You are viewing a plain text version of this content. The canonical link for it is here.
Posted to dev@arrow.apache.org by Alex Hagerman <al...@unexpectedeof.net> on 2018/05/26 01:08:04 UTC

PyCon Arrow Sprint: Notes and suggestions for improvement

I recently went to my first PyCon. As part of that trip I had planned to participate in the sprint days with a focus on Apache Arrow. It's a library that I make use of daily and so I was hoping to use this time to contribute back while also helping new contributors on board. While the sprint days were not as productive as I had hoped they would be I think there were plenty of learning opportunities.

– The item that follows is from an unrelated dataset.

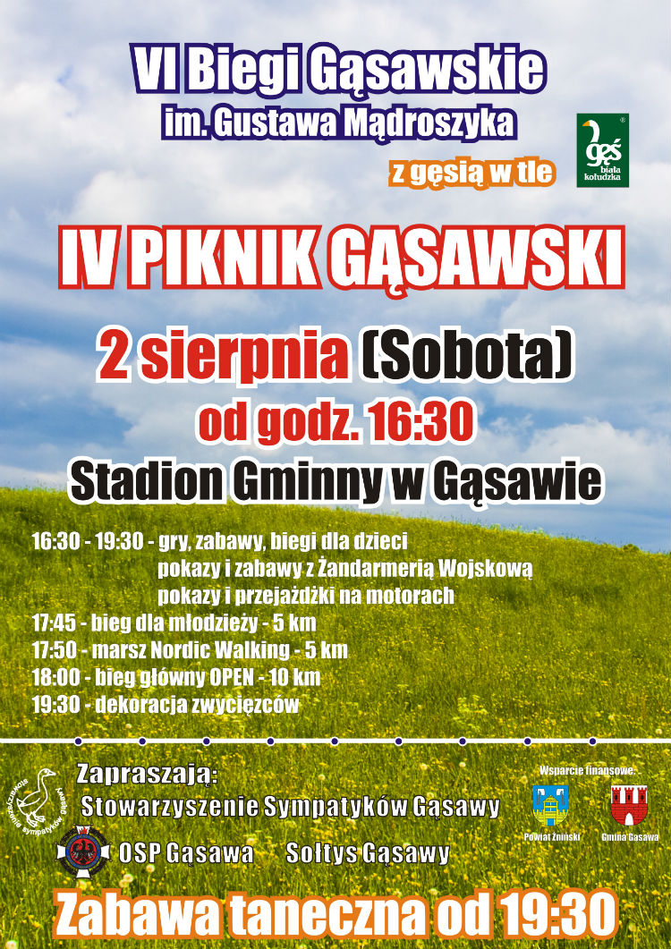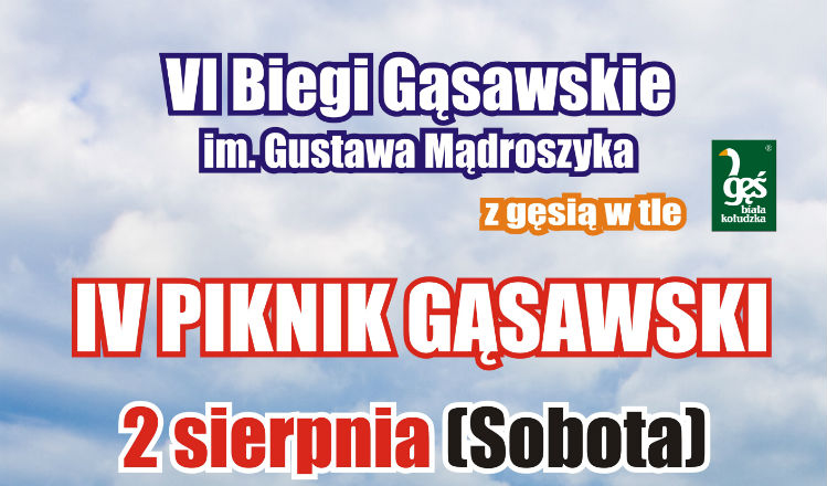 Stowarzyszenie Sympatyków Gąsawy, sołtys Gąsawy i Ochotnicza Straż Pożarna w Gąsawie zapraszają na VI Biegi Gąsawskie im. Gustawa Mądroszyka oraz IV Piknik Gąsawski. Udział w biegach zadeklarowało już około 200 zawodników z całego kraju.

• Because PyArrow binds to the C++ implementation a lot of tickets that start in the Python project can turn into tickets that require changes in the C++ project. Sometimes this made it difficult to suggest code oriented tickets if somebody was only comfortable with Python. I don't think this is a problem, but might be worth calling out on the Development or Getting Involved pages.
• Related to the above point I've noticed more tickets being marked C++/Python. This was a big help as people were looking through JIRA
• As Aneesh Karve and I tried to help individuals find a ticket to work on we noticed a lot of variation in tickets labelled beginner. Because of that we wanted to propose beginner tickets meet some criteria:
o The ticket is labelled beginner
o The ticket is not obsolete due to a new commit, library change, etc
o The ticket clearly describes both the intent and potential implementation. API design or contact details would be helpful.
o If manipulating pre-existing code it would be helpful to call out the directories and files if possible. 
o All language(s) required are tagged. 
o Consider if the ticket should be two tickets. For instance if there is a C++ component and a Python component is it possible for that to be two tickets with the Python ticket relying on the C++ being completed?
• We also think it would be helpful to have a core contributor at any sprint for Apache Arrow. Due to the nature of the project; and some of the history that may not be readily accessible there is the potential for hidden complexity or implementation choices that conflict with historical design decisions. It's difficult to catch this up front without a core contributor present.

One thing I want to call out was the interest around Arrow. We probably had 15 individuals throughout the course of the sprint days that showed up interested in helping the project.

If you have any other questions related to the PyCon sprint I’m happy to provide any additional information I can.

Thanks,
Alex